More tech, more tech, more better tech!
FOR PROJECT DELIVERY TEAMS:
- Allocate more time to think, supervise, question, teach, analyze, research, ask, utilize peer reviews, find out how other industries do it, etc., such that a effective answer has been found that is technically and financially sound. Yes, this will cost more money in the shop -- but there will be big savings in the field and in overall execution time gained. As important, ROIs will improve and management may once more beckon engineers to the top positions instead of thinking of engineering as a necessary evil. Every technologist should never forget that engineering without economics is a meaningless term.
- To ensure that lessons learned during startup are retained in the knowledge data bank of each organization, it should become standard practice to have the owner/contractor process designers and other team members lead the startup efforts, and not leave the field until all the design objectives have been met. After startup, a Process Design Considerations Memorandum should be mandatory, including all the lessons learned in the field.

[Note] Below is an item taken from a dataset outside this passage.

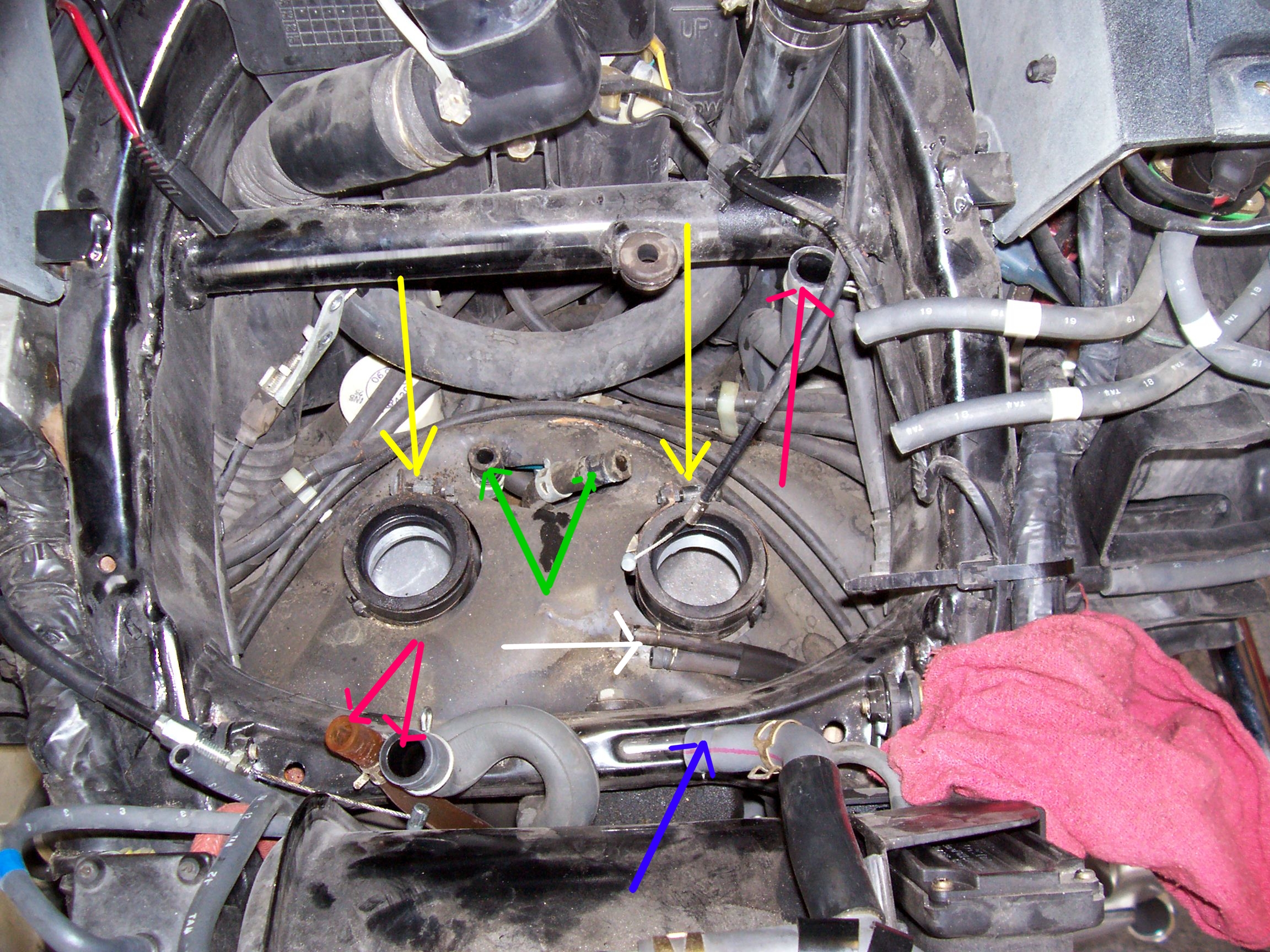 In all there are 3 hoses that make this job a real bitch. The one on the front right corner of the air box, and there are two antifreeze hoses that go to the front of the carburetors. (And I didn't get any pictures of any of these 3, sorry). If you don't cuss, after this job you will cuss like a sailor because of these 3. There isn't any slack in any of these 3 so you will suffer because you don't have any space to work between the pan and the bike frame/parts.

- The measuring sticks for success must be revised from "On Time and on Budget," to "Our turnover ratio on this project is higher than our competitors," or "Our net margin on this project is better than our competitors," or even "We achieved the expected return we promised to the owner based on the total capital invested," and other similar goals that link our performance to real world results, such as "We made saleable product on the date promised initially" and "We gained the following valuable knowledge that will help us improve our returns on future projects."
FOR CONTROL MAGAZINE:
- I think you are doing a very good job educating the reader. You have two places every month where learning can take place. Béla Lipták's column, “Ask the Experts,” and the informative work by McMillan and Weiner in Control Talk. My suggestion is to expand these columns to include even more technical details, with added emphasis on how various technical equipment/instrumentation options can be adapted to differing project economic realities.
- It might be instructive to start a Lessons Learned column targeted to finding what did not work and why, where readers would be invited to tell in some detail what they learned, anonymously if they so preferred. If printing costs do not permit such page expansion, then perhaps you can do it on the electronic version only.
FOR OWNERS/CONTRACTORS:
Support existing or initiate new Operational Excellence Forums, where peers could hold videoconference discussions on technical issues, guided/facilitated by knowledgeable teachers. The thrust of such Forums would be "what's best techno-economically for this case?" A summary of the problem and the understandings reached would be available on the web as a Case Study. Case Studies have been valuable teaching tools to train people on how to solve business problems. Over time we would build up a knowledge library, which will be helpful to future learners.
FOR INDIVIDUAL ENGINEERS/TECHNOLOGISTS:
Keep learning, keep asking, keep advancing. Believe that you can add value. There is beauty and pleasure in digging for the truth and the facts, even the mundane ones that we deal with. Teach others.
In summary, we need a new way to design and construct plants. The old way is not working.